The C&C SR 33 is a racing sailboat that was designed by Glenn Henderson and first built in 1992.

==Production==
The design was initially built by Henderson himself - three boats in total starting in 1992. The fourth boat was a combination build with C&C Yachts. The design and tooling was then sold to the Canadian company C&C Yachts, who built nine more.

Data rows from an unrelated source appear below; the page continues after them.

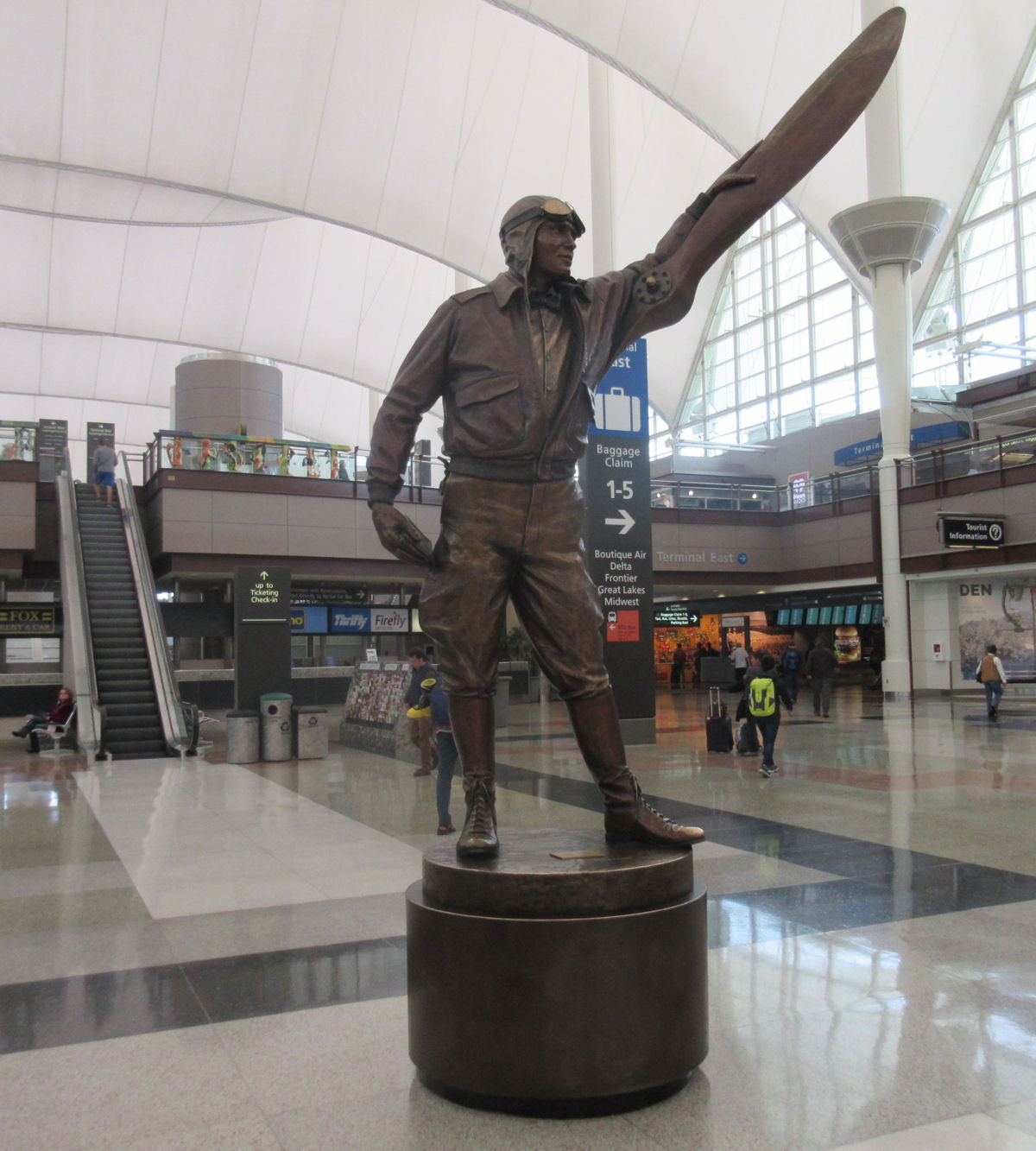 Our Indianapolis International Airport welcome committee: WWI flying ace Harvey Weir Cook, who flew for the Army Signal Corps with seven victories to his credit, then later for the newly invented transcontinental airmail service. He was a colonel when he died in 1943 while training other men to be just like him. The terminal and major airport thoroughfares are named after him.
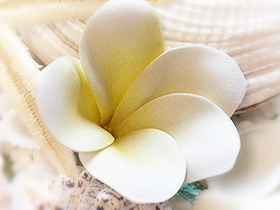 さらに、南国リゾートの雰囲気をプラスするためにプルメリアの造花(フェイクフラワー)をお付けします!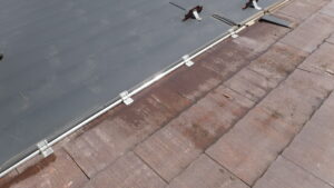 新しい屋根材「稜線横葺ハイブリット」を設置します。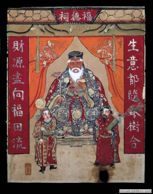 not covered. The burning of incense over the year gave the face its dark colour.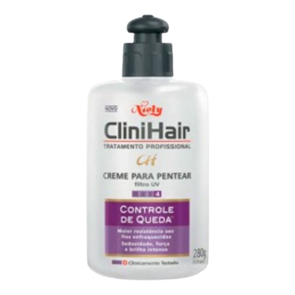 O Creme para Pentear Niely CliniHair Controle De Queda é indicado para cuidar de cabelos fracos e quebradiços. Sua fórmula fortalece os fios, diminuindo a queda com apenas 2 semanas de uso. Os cabelos ficam mais resistentes, bonitos e saudáveis. A embalagem contém 280g.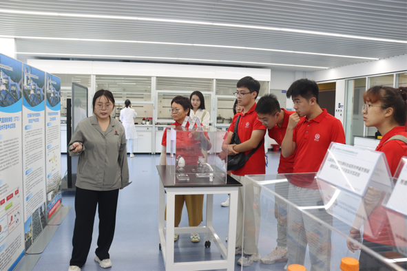 会议过后,实践队一行人在负责人的带队下来到了陕煤研究院的新能源展厅。新能源研究所的马博士对同学们的到来表示热烈欢迎,讲解过程中,他结合实际的沙盘模型,具体地介绍了在不同地新能源领域中的一些重要材料样例以及相关设备,从专业的角度分析了四个赛道发展上取得的相关成就和存在的弊端与技术壁垒。在马博士生动的讲解下,同学们对各个赛道的最新研究进展产生了浓厚兴趣,有队员们就氢能领域向马博士提了几个针对性的问题,如探讨氢能发展的下一步计划等。之后实践队成员们来到了化工研究所的展厅,这个展厅主要展示了陕煤研究院近年来重点推进的与煤化工产业相关的项目,多数项目已进入到中试阶段,陕煤集团与厦门大学化学化工学院之间的重点合作项目也在其中。在讲解员的细致讲解下,实践队员们对于陕煤研究院的科技产业化和产业科技化思路有了更加深刻的理解。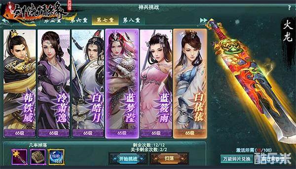珍稀兵器碎片 多种途径持续获取 《剑侠情缘兵器谱》每种兵器的获取途径都不一样,玩家可通过挑战神兵副本、首充礼包、每日首充、VIP等级礼包、运营活动、商店兑换等方式获得兵器。在神兵挑战系统中,玩家等级越高可挑战的副本越多,挑战成功可获得的兵器种类也就越多,还有机会获得“万能碎片”。在神兵挑战界面点击万能碎片兑换,玩家可通过消耗万能碎片兑换多种兵器。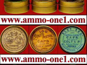 “United States Army Caps by UMC Percussion Cap” Label, One Replica Empty Tin. Click on Picture or Title for more detail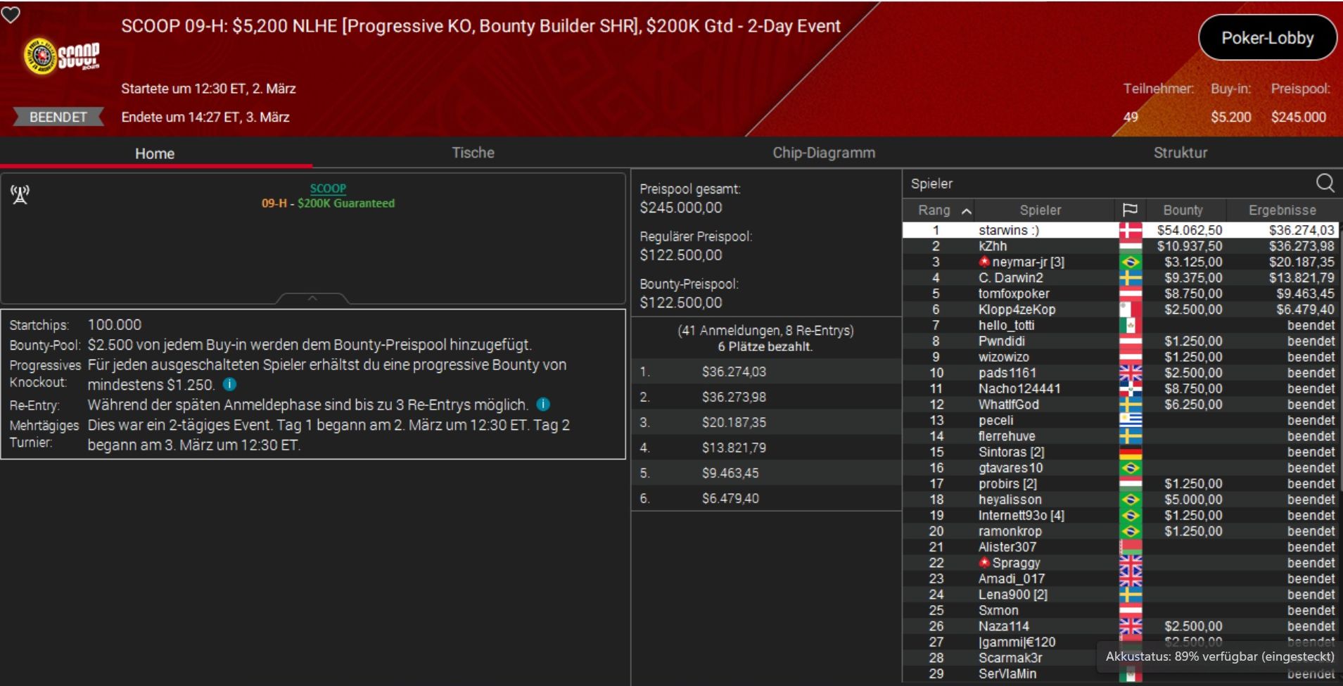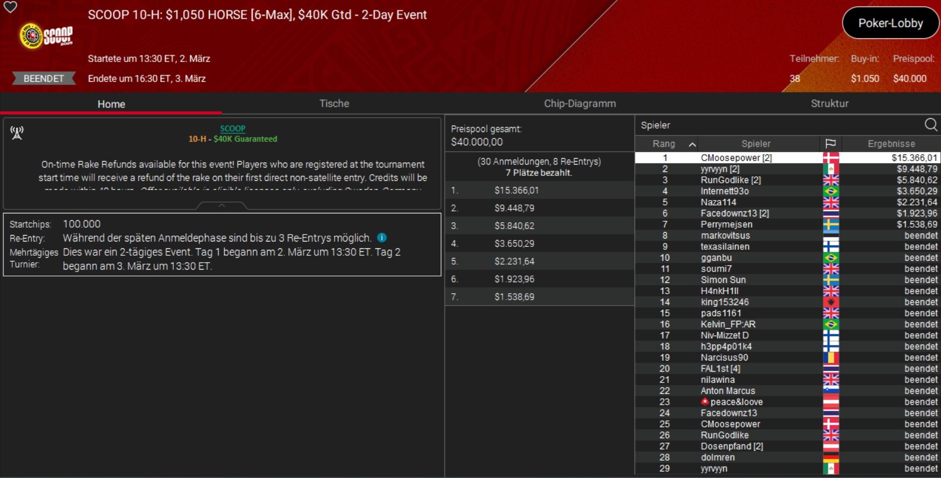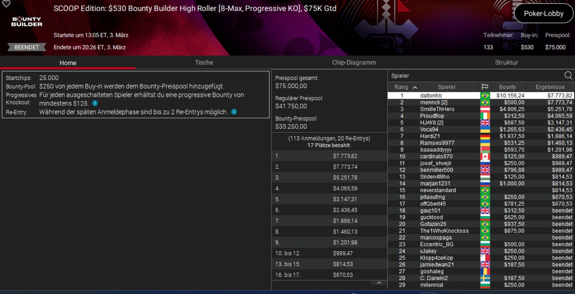 Das beste Ergebnis holte Daniel „SmilleThHero“ Smiljkovic, der bei einem Side Event, dem $530 Bounty Builder, Rang 3 belegte und rund $10.000 gewann.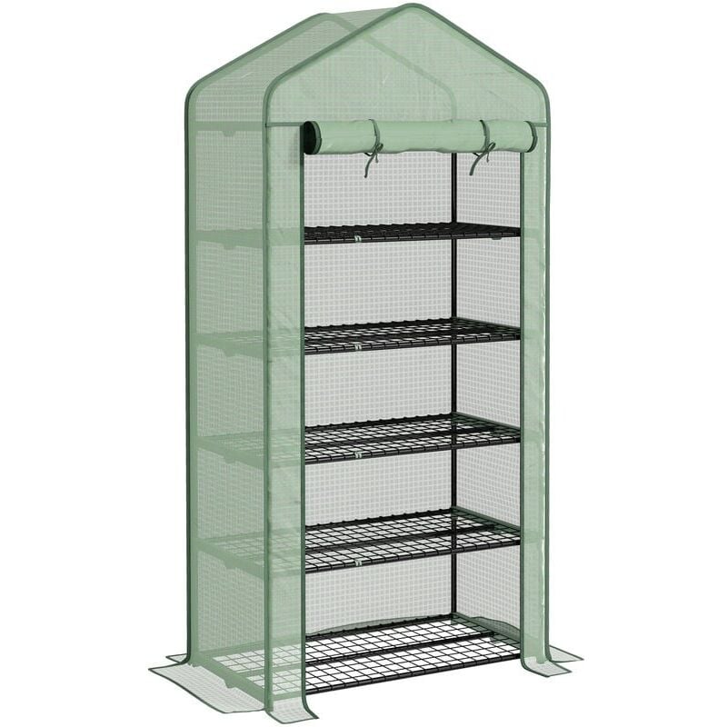 Outsunny - Serre de jardin balcon étagère serre 5 niveaux 0,69L x 0,49l x 1,93H m acier galvanisé bâche amovible pvc vert
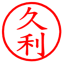 [朱肉の色]を選び、入力窓に“久利”と入力して[生成]ボタンを押すと、印影が更新され、リンクから電子印鑑(デジタル印影)がダウンロードできます。 電子印鑑「久利」の作り方文字表示が変なときや、文字バランスが悪いときは[字形切替]のチェックボックスでON/OFFを切り替え[生成]しなおしてください。 生成される画像は通常の印影「久利.png」と、にじみを表現した少し太めの印影「久利B.png」の背面透過PNG形式2種と、鮮明なPDF形式の印影「久利.pdf」の計3種類です。 朱肉の微妙な色の違いを7色で表現しました。デフォルト(左端)は、JISが定めた朱肉の色のマンセル値(7.5R 5/14)をRGB値(217,66,54)に変換したものになっています。 「電子透かし」にチェックを入れて[生成]ボタンを押すと、タイムスタンプを透かしとして埋め込んだセキュアな電子印鑑が作れます。詳細は別ページの「電子透かしとタイムスタンプ」でご覧ください。 久利さんの日付印が作れます。「日付スタンプメーカー」は、社内向けの書類に利用されることの多い日付印(データ印)が無料で作れるWebアプリケーションです。中段に日付が入り、上段と下段は、ともに8文字まで文字が入ります。 ![]() 古代文字で落款印が作れます。「落款スタンプメーカー」で作品を引き立たせる落款印が作れます。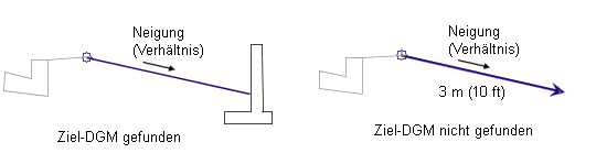 Es wird eine Verknüpfung vom Zuordnungspunkt nach links oder rechts mit der angegebenen Neigung verlängert, bis diese das Ziel-DGM schneidet.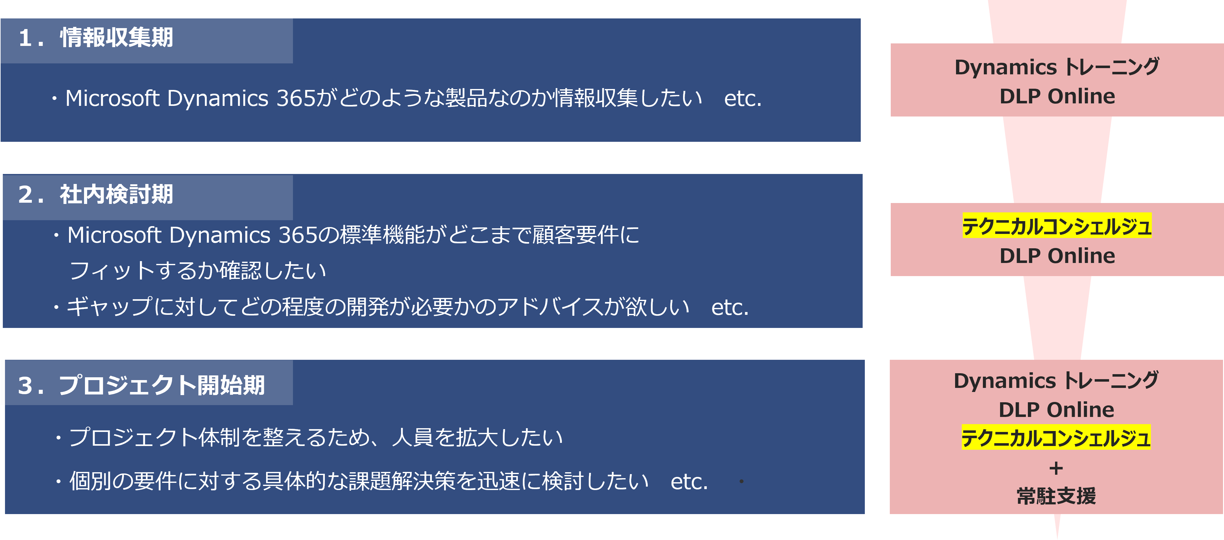今回、ご紹介したテクニカルコンシェルジュとトレーニング、そして弊社が抱えるMicrosoft Dynamicsの専門コンサル、エンジニアの常駐支援と併用していただくことで、より効率的にプロジェクトを推進していただくことが可能となります。 ぜひご検討下さい。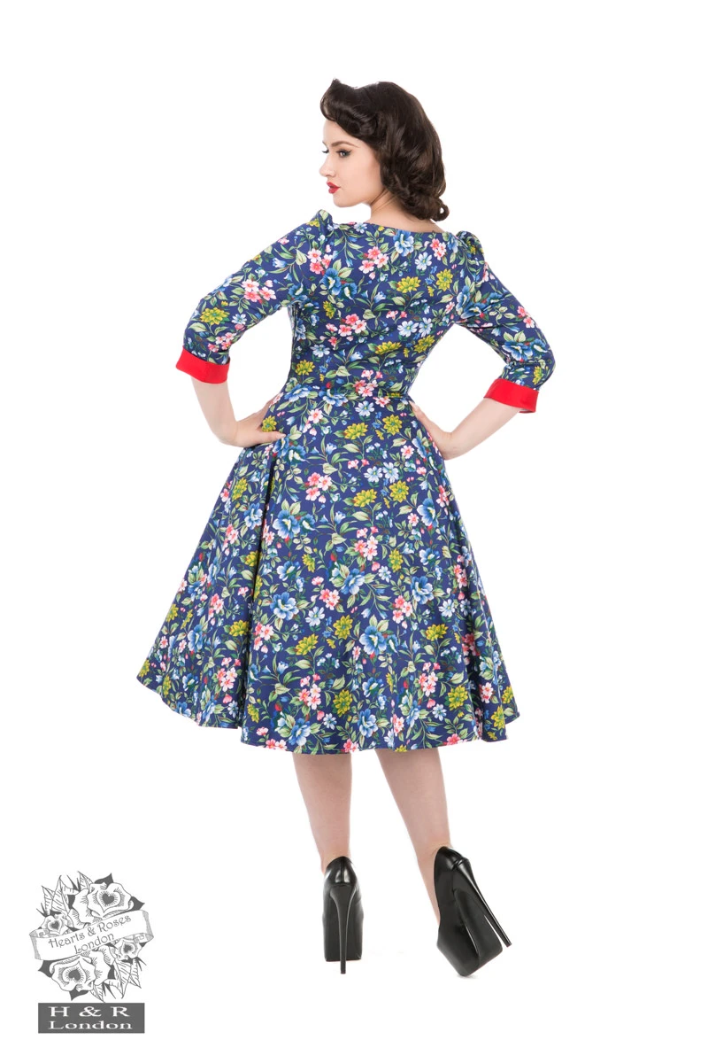Hello, World! H&R London’s day dress! Nothing can overstate the oxford blue ella floral swing dress’ beauty. This wondrous dress is one of the most classic pieces from the collection. The delicate floral print of pink and lilac blossoms set on a sleeve day dress is pinup-perfect, while the front decollete collar adds just a dash of whimsy. Slight V neckline in back shows the nape of the neck. The red cuffs on stand out of the crowd. Dress hits below the knee. Dress zips up the side for a flattering fit.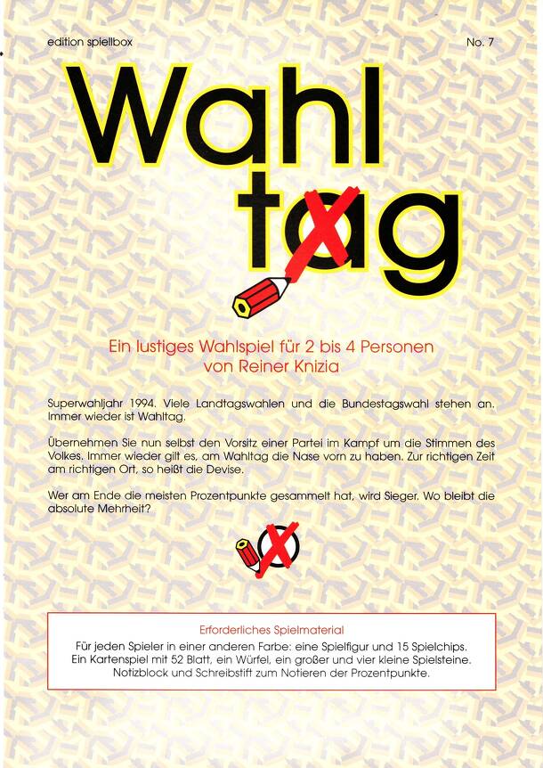 In Wahltag, the players try to win the election for the German parliament (called Bundestag). During their turn, the player chooses between moving their pawn to another area or performing an election campaign by throwing a die and then placing chips. During the game, results are tallied in each land and the player adds their own percentage of votes...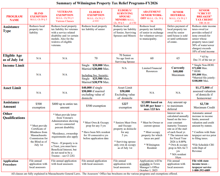 A summary of the town’s tax relief programs is below. For additional information, visit the Town Assessor’s website at www.wilmingtonma.gov/assessors-office/pages/exemptions.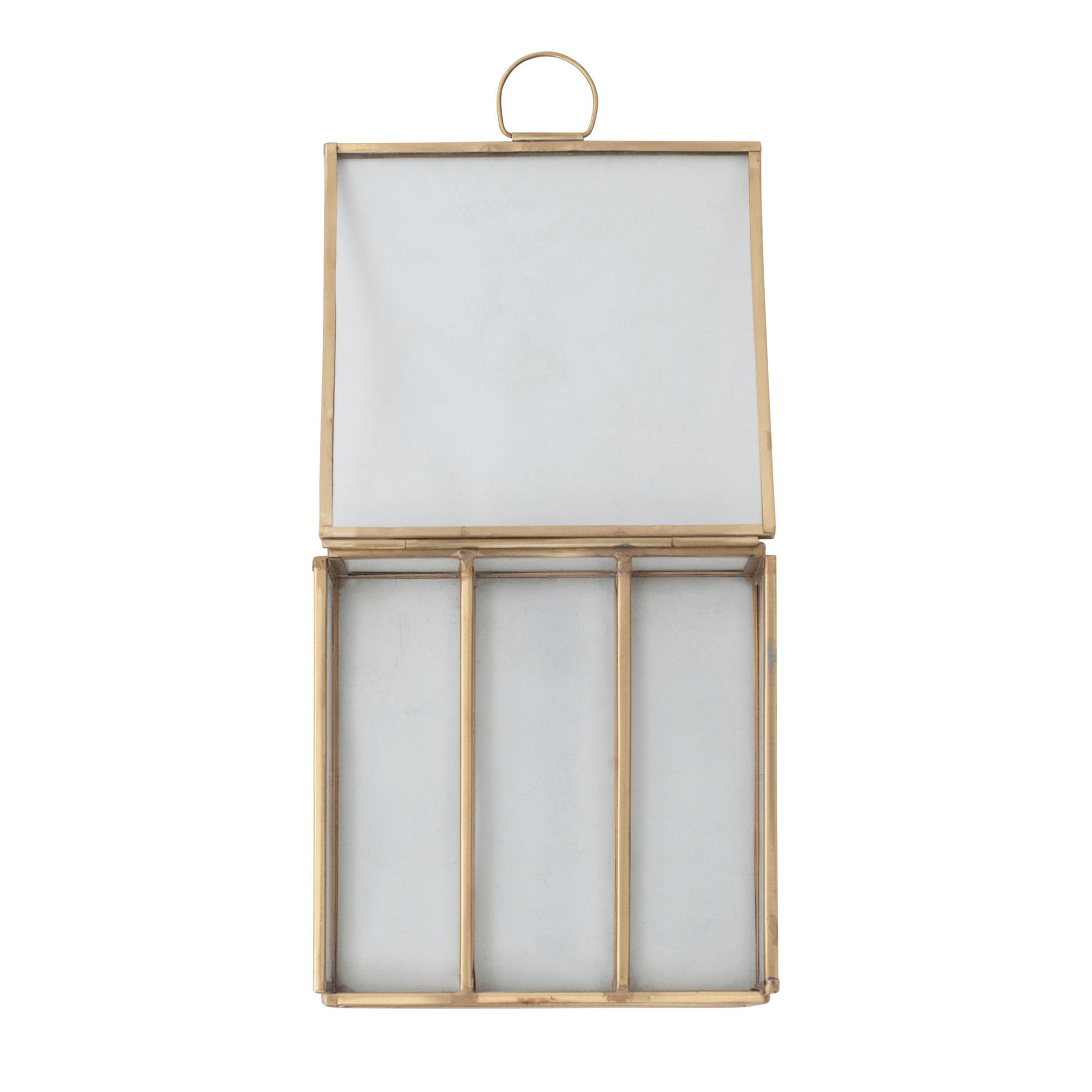 5" Square x 1 1/2"H Metal & Glass Box w/ 3 Compartments, Brass Finish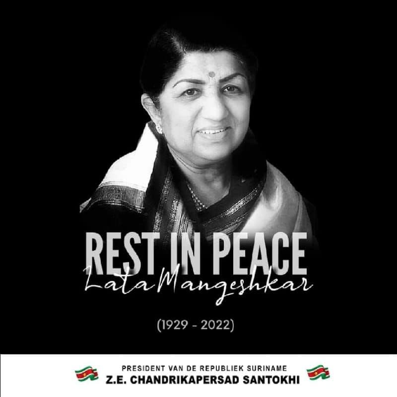 De ‘Nachtegaal van India’, zoals Lata Mangeshkar genoemd werd, is op 92 jarige leeftijd overleden. Mangeshkar begon op 5-jarige leeftijd met zingen en werd daarbij onderwezen door haar vader, zo bericht president Chandrikapersad Santokhi zondagochtend 6 februari op zijn Facebook-pagina. Hij vermeldt in het bericht absueievelijk dat de overleden ‘Nachtegaal’ een “staatsbegrafenis” krijgt, ze wordt echter gecremeerd met staatseer, aldus lokale media in India.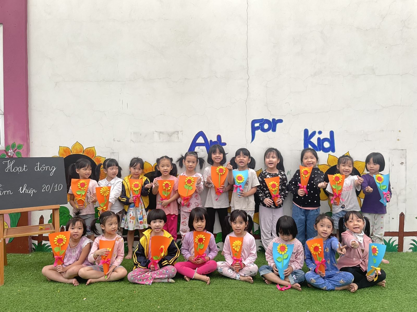 Ngày 20 tháng 10 năm 1930 chính là ngày thành lập Hội Phụ nữ phản đế Việt Nam – nay đổi thành Hội Phụ nữ Việt Nam, đã đi vào lịch sử dân tộc Việt không chỉ là ngày Phụ Nữ Việt Nam đơn thuần như mọi người thường biết đến mà ngày này còn ghi dấu với hình ảnh những người phụ nữ anh hùng. Từ trong lịch sử dân tộc Việt đã có bao vị nữ anh hùng như Bà Trưng, Bà Triệu, Bùi Thị Xuân, Nguyễn Thị Định…là những tấm gương về đức hy sinh cho sự nghiệp đấu tranh bảo vệ và xây dựng đất nước. Ngày hôm nay các con đã tự tay làm những bó hoa tươi thắm để gửi tặng đến bà, mẹ, chị và các bạn nữ. Nhân ngày lễ ý nghĩa này các bé lớp MGL A5 xin gửi tới các bà, các mẹ, các chị những lời chúc thân thương nhất. Các bé xin chúc các bà, các mẹ, các chị và các bạn nữ luôn vui vẻ mạnh khoẻ, xinh đẹp.

Only thirteen boats were completed in total.

==Design==
The SR 33 is a small racing keelboat, built predominantly of fibreglass. It has a fractional sloop rig, a nearly plumb stem, a reverse transom, an internally-mounted spade-type rudder controlled by a tiller and a lifting fin keel. It displaces 5372 lb.

The boat has a draft of 7.00 ft with the lifting keel extended and 3.90 ft with it retracted.

The boat may be optionally fitted with an inboard motor for docking and maneuvering. The fresh water tank has a capacity of 26 u.s.gal.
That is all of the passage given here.